Fig. 9: Comparison of single-cell landscapes in human, mouse and cynomolgus monkey.
figure 9

a Integration of scRNA-seq data for 16 organs from cynomolgus monkey, eleven organs from human, and nine organs from mouse. b UMAP showing the distribution of cells from cynomolgus monkey, human and mouse. c UMAP illustrating the distribution of annotated 15 major cell types. d Bar plot showing the percentage of cells from the three species (left) and the number of cells in each cell type (right). e Dot plot showing representative marker genes of different cell types. Dot size is proportional to the fraction of cells expressing specific genes. Color intensity corresponds to the relative expression of specific genes. f Feature Plot showing the expression of selected marker genes. g Correlation of orthologous gene expression between human, mouse and monkey pseudo-cell types (n = 212) based on the AUROC scores. The AUROC scores were calculated by MetaNeighbor to measure the similarity of different cell types. The clustered heatmap was plotted using the ‘pheatmap’ function in R, where the complete linkage method was used for hierarchical clustering. h Box plots showing the Spearman correlation of average gene expression between two different species using top 20 marker genes in a specific cell type. Each dot represents a major cell type (n = 13). Statistical significance of difference between comparisons was calculated by the two-sided Mann–Whitney U test. The boxes indicate the 25% quantile, median (horizontal line), 75% quantile. i The proportion of hepatocytes in liver (left) and ciliated cells in stomach (right). j Scatter plots showing a pairwise comparison of gene expression across species in a specific organ. Left two scatter plots are for comparisons of hepatocyte cells in liver and right for comparisons of ciliated cells in stomach. Differentially expressed genes (DEGs) are highlighted and representative DEGs are labeled. The size of dots is proportional to the fold change for a specific gene.

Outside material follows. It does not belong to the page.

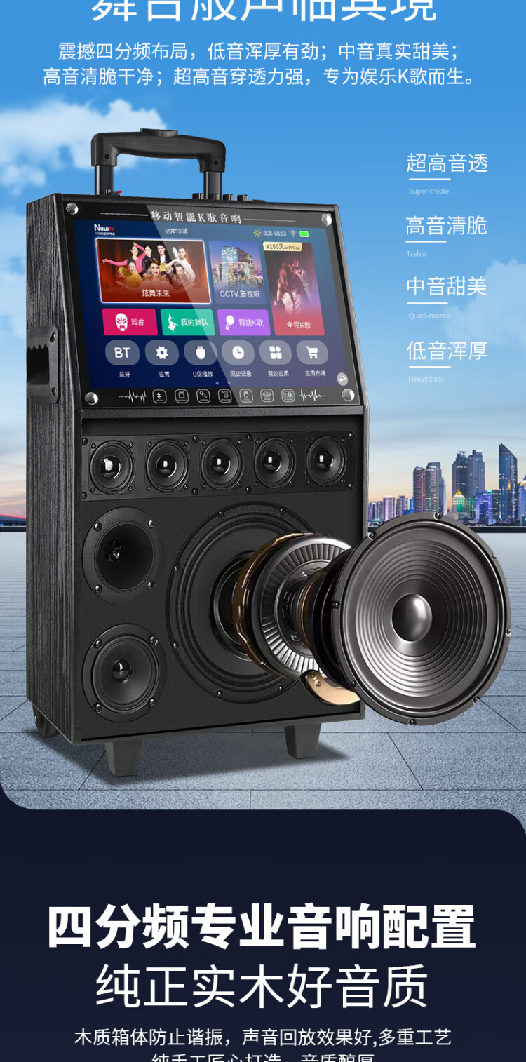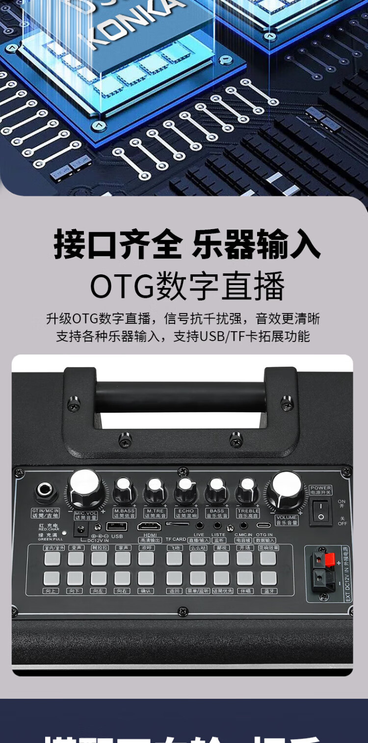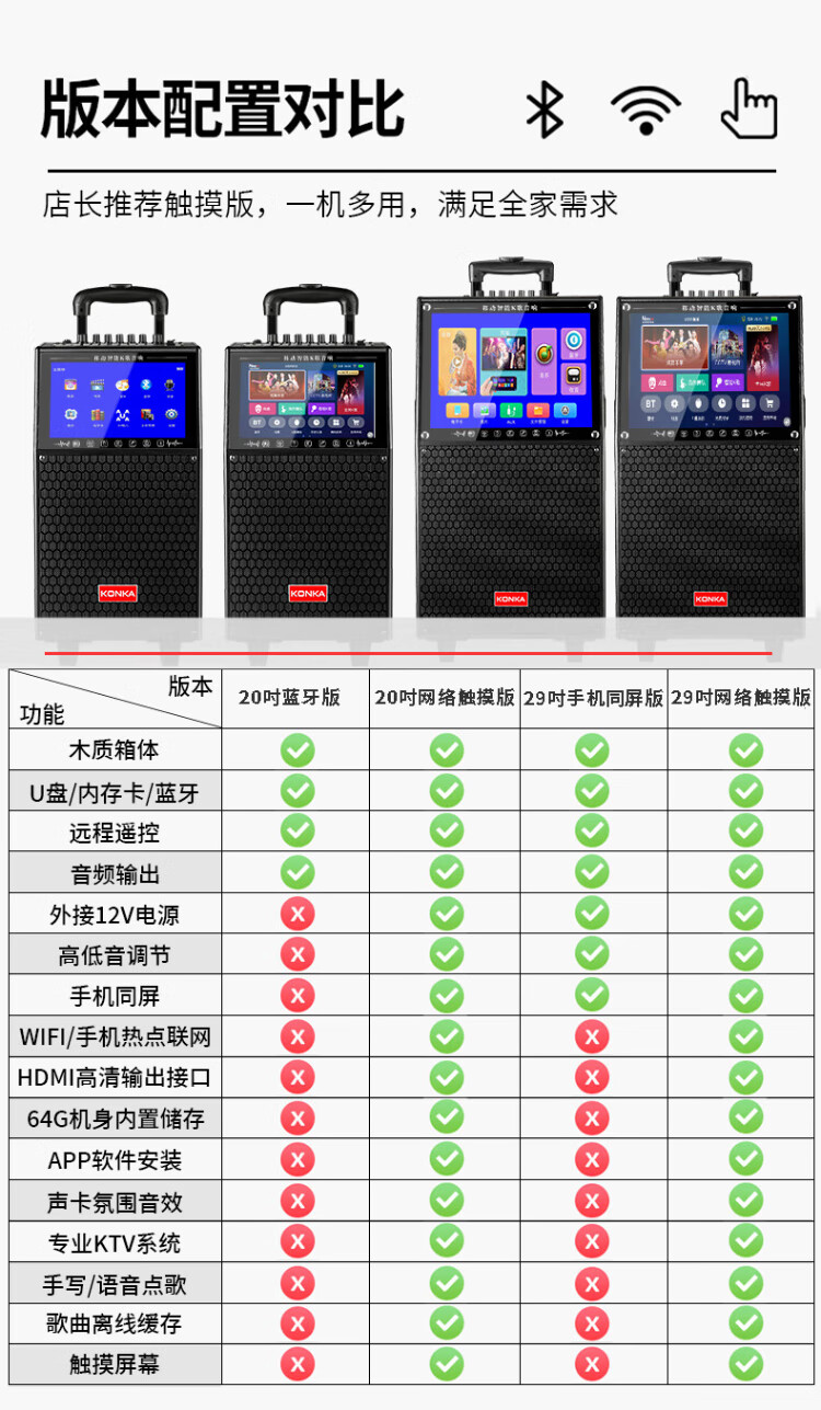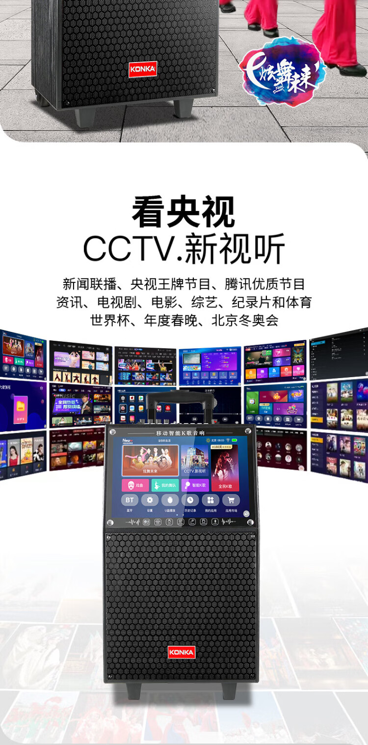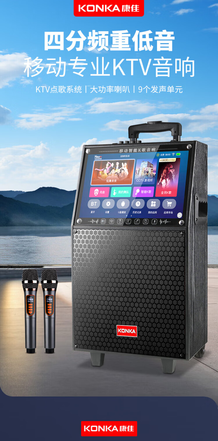 Konka square dance audio with display screen wireless microphone home singing karaoke all-in-one machine outdoor live performance sound card network touch song video trolley speaker 29-inch same-screen version + 1 microphone + 32GU disk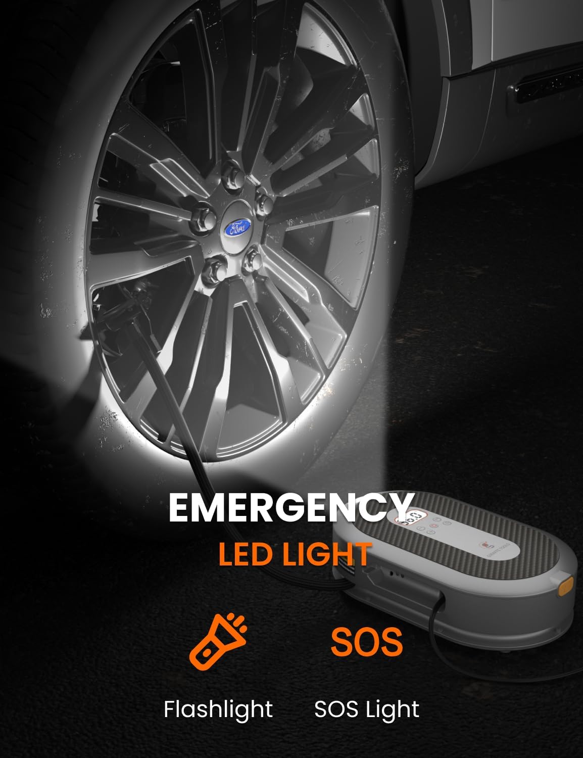 - LED Light: LED light allows the inflating to work at dark nights. 5-10 minutes of continuous inflating, please let the air compressor rest and cool for a while.

Next, we investigated the transcriptomic dynamics of the same cell types between monkey and other species, with a specific focus on varying cell types in compositions across species. Particularly, hepatocytes and ciliated cells showed the lowest similarity between human and monkey (Fig. 9h and Supplementary Fig. 20c, d) and were mainly enriched in the monkey organs of liver and stomach, respectively (Supplementary Fig. 20e, f). However, compared to human and mouse, both cell types were underrepresented in monkey (Fig. 9i). Therefore, hepatocytes and ciliated cells were two representative cell types that largely different between monkey and human or mouse. We performed pairwise comparison of gene expression in liver for hepatocytes and in stomach for ciliated cells (Fig. 9j). In the differential analysis of gastric ciliary cells between human and monkey, we found that LYZ was highly expressed in monkey87. As LYZ has a dual role of immune defense and digestive function88, this observation may highlight that monkey has enhanced function of immune response and digestive system. As a gastric lipase, LIPF is expressed in human chief cells and promotes lipid metabolism89 and it may help for the fat digestion processes occurring in human. ORM1, as an acute-phase protein, was highly specifically expressed in human hepatocytes and had a certain promoting effect on liver regeneration90, which might provide a potentially therapeutic target in hepatopathy.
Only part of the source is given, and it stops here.